TASK TO COMPLETE »
Restate the listing below word for word; no picture is to be carried over.

------ GIVEN DATA ------

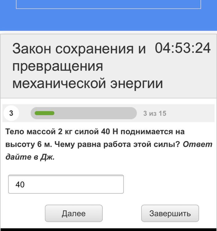 Тело массой 2 кг силой 40 Н поднимается на высоту 6м. Чему равна работа этой силы?
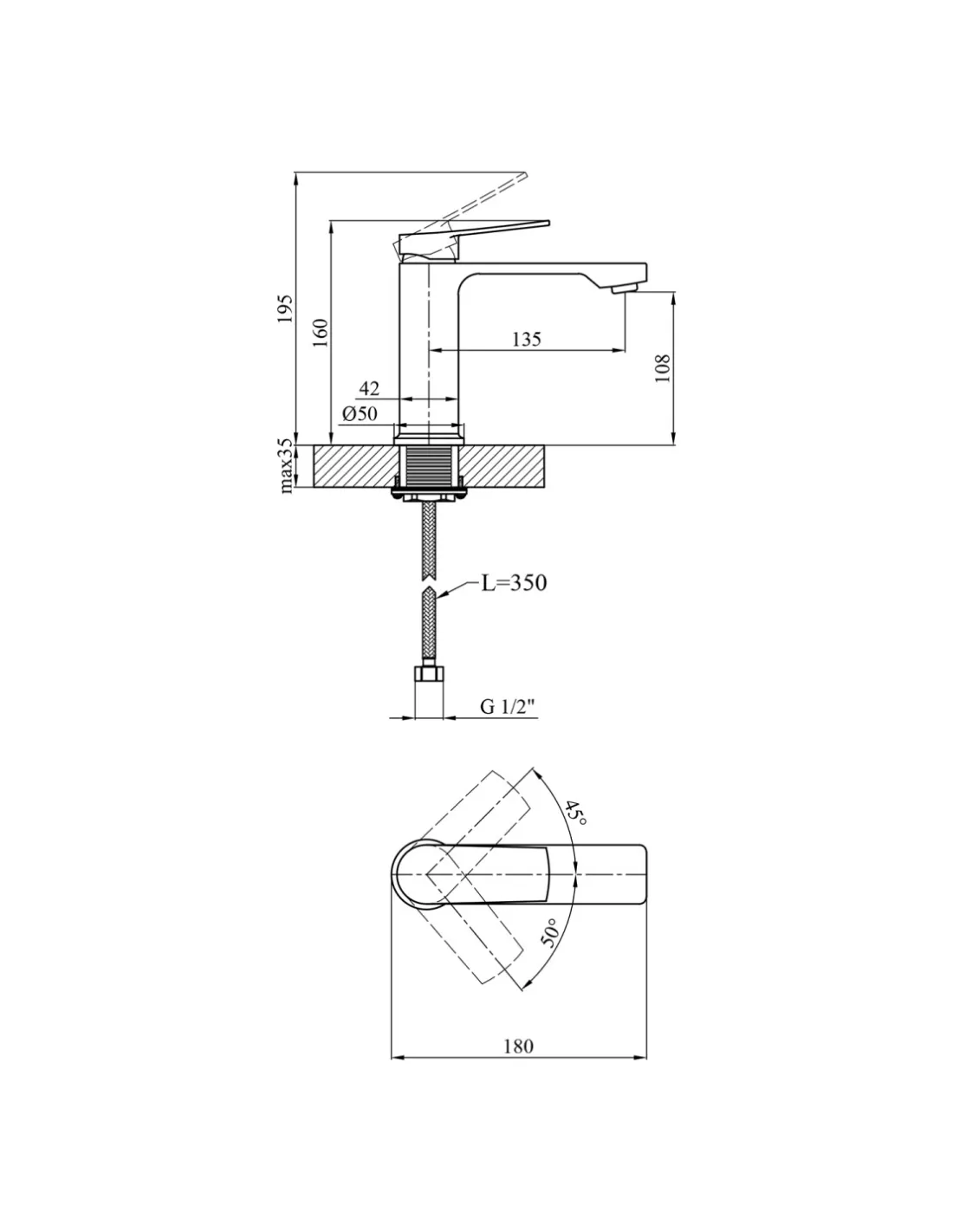 - Змішувач для раковини, висота 160 мм, довжина виливу 135 мм,
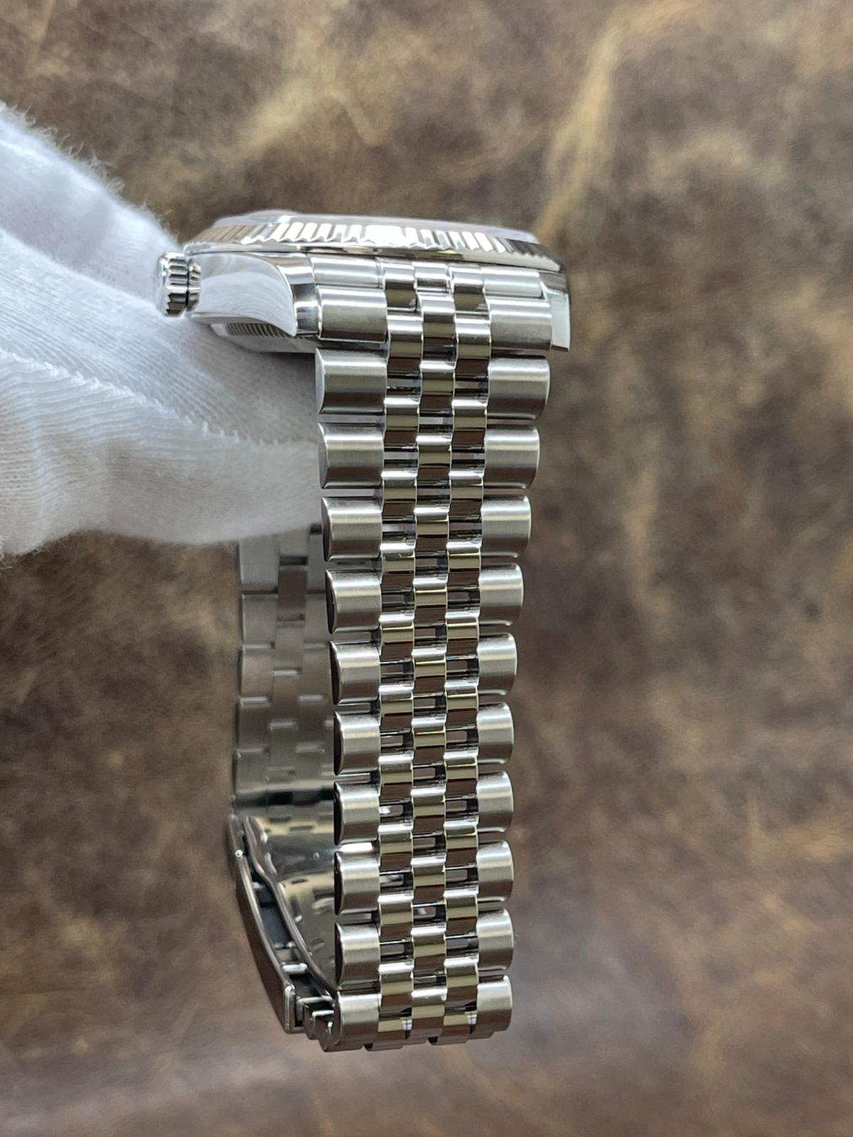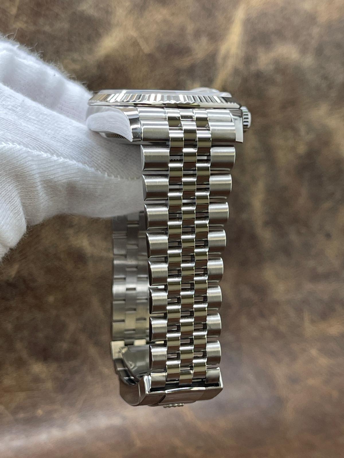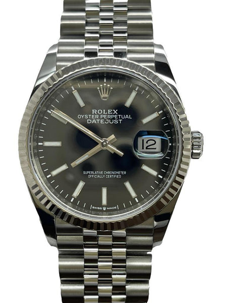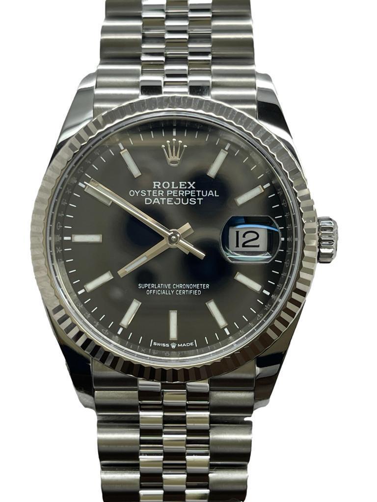Stainless steel case with a stainless steel jubilee bracelet. Fixed fluted 18k white gold bezel. Black dial with silver tone luminous hands and index hour markers. Dial type: analog. Rolex calibre 3235 automatic movement with about 70 hours of power reserve. Sapphire crystal. Screw down crown. Solid case back. Case size: 36 mm. Case thickness: mm. Round case shape. Band width: mm. Hidden deployment clasp. Water resistant at 100 meters / 330 feet. Functions: date, hour, minute, second. Rolex Datejust 36mm 126234 Black Dial Automatic Watch.

------

OUTPUT FOR THIS EXERCISE »
 Тело массой 2 кг силой 40 Н поднимается на высоту 6м. Чему равна работа этой силы?
 - Змішувач для раковини, висота 160 мм, довжина виливу 135 мм,
Stainless steel case with a stainless steel jubilee bracelet. Fixed fluted 18k white gold bezel. Black dial with silver tone luminous hands and index hour markers. Dial type: analog. Rolex calibre 3235 automatic movement with about 70 hours of power reserve. Sapphire crystal. Screw down crown. Solid case back. Case size: 36 mm. Case thickness: mm. Round case shape. Band width: mm. Hidden deployment clasp. Water resistant at 100 meters / 330 feet. Functions: date, hour, minute, second. Rolex Datejust 36mm 126234 Black Dial Automatic Watch.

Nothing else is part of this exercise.